Practical calculations. The calculation of compressed rods is carried out in the same way as for tension rods, but the allowable stresses are taken depending on the flexibility: , where φ is the reduction factor for allowable stresses. The actual stability factor in this case is defined as: .

Fatigue of materials.

1. Cycles of alternating voltages

2. Fatigue of materials

3. Fatigue Curve

4. Endurance limit

5. Influence of design and technological factors on the endurance limit

6. Calculation of strength at variable stresses.

Variable voltages. Most machine parts under operating conditions experience alternating stresses that change cyclically over time (cyclic stresses). They arise in parts from a change in load, as well as in connection with a change in the position of their sections with respect to a constant load (for example, during rotation of a part). Z-ny changes in alternating voltages can be different, but all of them can be represented in the form of the simplest harmonics of a sinusoid and a cosine wave.

The periodic change in stresses over time occurs from the largest value σ max to the smallest σ min and vice versa. Variable stresses can also be tangential.

The number of voltage cycles per second is called load frequency.

Stress cycles

Cycles can be of constant sign (a and v) or alternating, pulsating.
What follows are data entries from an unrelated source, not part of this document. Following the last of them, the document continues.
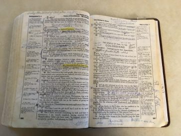 From my father’s last Bible. He died in 2004. Can you enlarge this and note his interactions with the text?
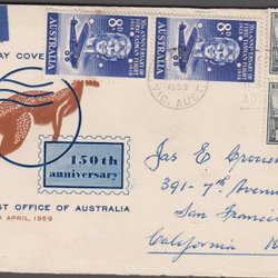 AUSTRALIEN - 1959 - POSTVÆSENETS FØDSELSDAG på FDC + 2 ex FLYPOST
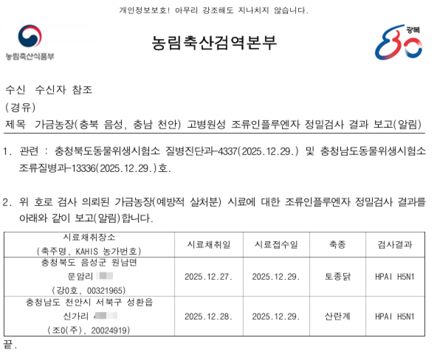 충북 음성(토종닭) 및 충남 천안(산란계) 예방적 살처분 가금농장 고병원성 조류인플루엔자(AI) 확진에 따른 방역조치 알림
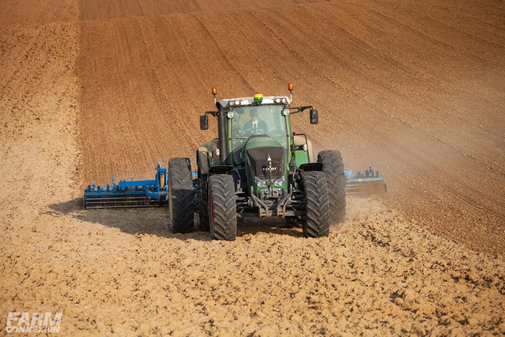 #337Un autre chantier mené par un Fendt 927 avec Kompaktor Lemken 8 mètres et un John Deere 7810 avec semoir 18 rangs Monosem
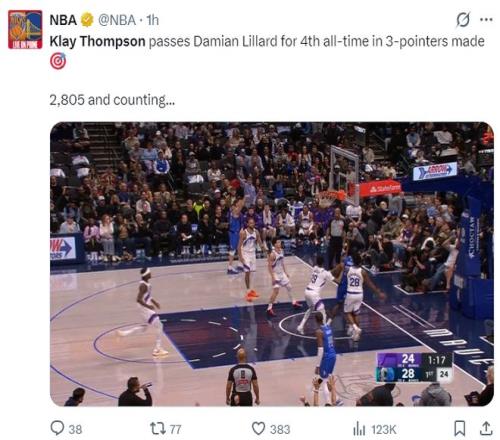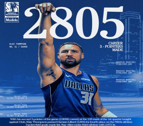 北京時(shí)間1月16日,獨(dú)行俠替補(bǔ)克萊-湯普森完成了職業(yè)生涯2805+三分超越達(dá)米安-利拉德升至歷史第四位,在他身前只剩下庫(kù)里、哈登、雷阿倫,而且這場(chǎng)比賽獨(dú)行俠144-123狂勝爵士,克萊的里程碑之夜非常耀眼。
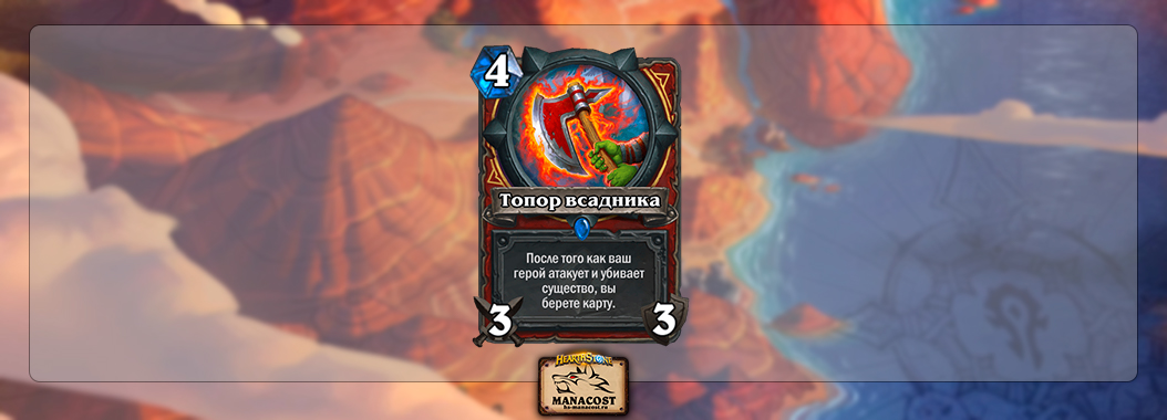 Воин с ротацией Стандарта потеряет и Рискового шкипера, и Боевую ярость — сильнейшие источники перебора колоды. Но у него останутся Корсарский тайник и Уроки боя. Топор всадника связывает эти карты вместе и позволяет Воину не сидеть с пустой рукой в новом дополнении.

Any cycle can be characterized by average stress σ m = (σ max + σ min)/ 2

and the amplitude of the alternating stress σ a = (σ max - σ min) / 2

The ratio r = σ min / σ max is called the asymmetry coefficient of the cycle.

In a cycle b average voltage \u003d 0, such a cycle is called symmetrical.

(σ max ≥ σ a ≥ σ min; r \u003d -1) If max or min cycle stress \u003d 0, then it is called pulsating or zero (for a cycle v, r = 0)

Fatigue of materials. Variable stresses that appear in machine parts from a change in load or a change in their position relative to a constant load (for example, during rotation) lead to a sudden destruction of the part, although the magnitude of these stresses is significantly lower than the yield strength (permissible stresses). This phenomenon is called fatigue. Fatigue failure begins with the accumulation of damage, the appearance of cracks, gradually developing inwards, which leads to an increase in stresses of the undamaged part.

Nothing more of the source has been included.